Images should be omitted while the rest of the data is duplicated exactly.

[DATASET EXCERPT]
══════════════════════════════

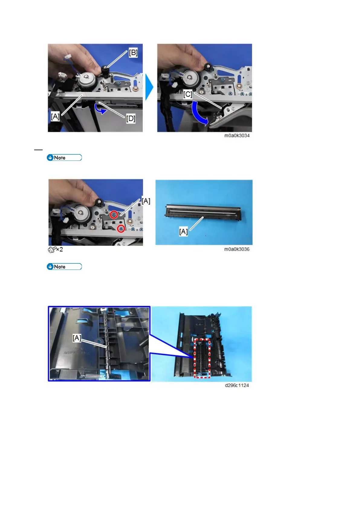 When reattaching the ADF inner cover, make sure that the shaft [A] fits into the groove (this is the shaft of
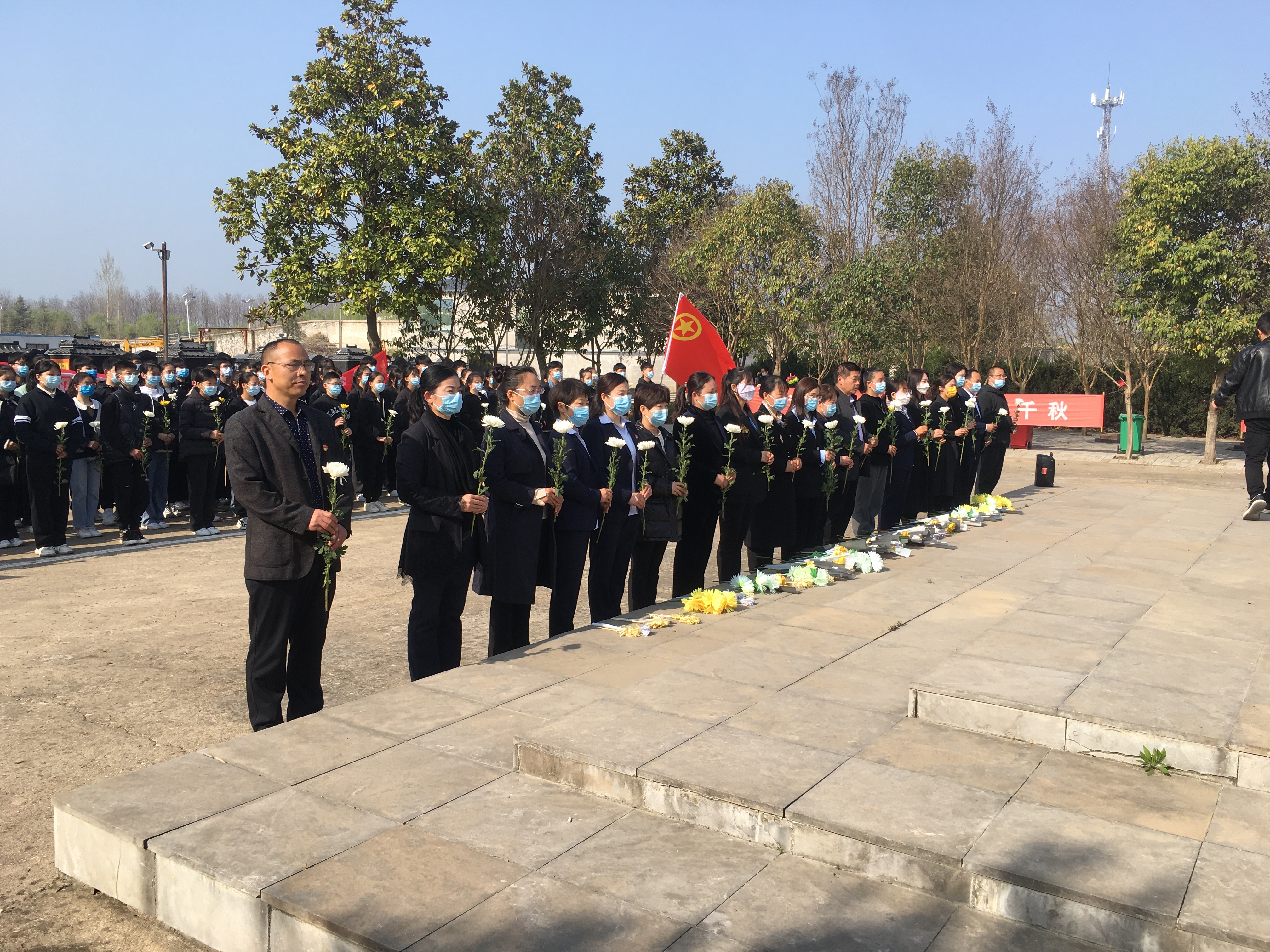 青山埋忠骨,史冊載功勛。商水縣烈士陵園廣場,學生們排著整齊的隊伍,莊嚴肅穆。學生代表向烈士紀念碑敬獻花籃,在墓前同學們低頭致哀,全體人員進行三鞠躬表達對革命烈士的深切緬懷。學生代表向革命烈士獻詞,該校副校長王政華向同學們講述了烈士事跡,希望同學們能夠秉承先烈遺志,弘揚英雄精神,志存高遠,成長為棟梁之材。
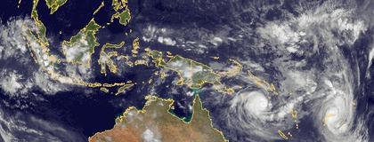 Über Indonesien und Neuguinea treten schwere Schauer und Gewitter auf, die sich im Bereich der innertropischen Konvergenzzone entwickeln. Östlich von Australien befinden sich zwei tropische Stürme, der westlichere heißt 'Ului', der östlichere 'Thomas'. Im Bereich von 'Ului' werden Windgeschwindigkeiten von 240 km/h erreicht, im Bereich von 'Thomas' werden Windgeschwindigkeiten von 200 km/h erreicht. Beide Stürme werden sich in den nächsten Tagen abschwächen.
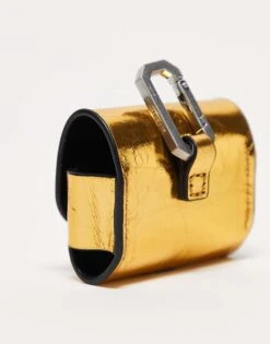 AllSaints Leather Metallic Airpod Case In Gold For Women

══════════════════════════════

[RESPONSE TO THE TASK]
 When reattaching the ADF inner cover, make sure that the shaft [A] fits into the groove (this is the shaft of
 青山埋忠骨,史冊載功勛。商水縣烈士陵園廣場,學生們排著整齊的隊伍,莊嚴肅穆。學生代表向烈士紀念碑敬獻花籃,在墓前同學們低頭致哀,全體人員進行三鞠躬表達對革命烈士的深切緬懷。學生代表向革命烈士獻詞,該校副校長王政華向同學們講述了烈士事跡,希望同學們能夠秉承先烈遺志,弘揚英雄精神,志存高遠,成長為棟梁之材。
 Über Indonesien und Neuguinea treten schwere Schauer und Gewitter auf, die sich im Bereich der innertropischen Konvergenzzone entwickeln. Östlich von Australien befinden sich zwei tropische Stürme, der westlichere heißt 'Ului', der östlichere 'Thomas'. Im Bereich von 'Ului' werden Windgeschwindigkeiten von 240 km/h erreicht, im Bereich von 'Thomas' werden Windgeschwindigkeiten von 200 km/h erreicht. Beide Stürme werden sich in den nächsten Tagen abschwächen.
 AllSaints Leather Metallic Airpod Case In Gold For Women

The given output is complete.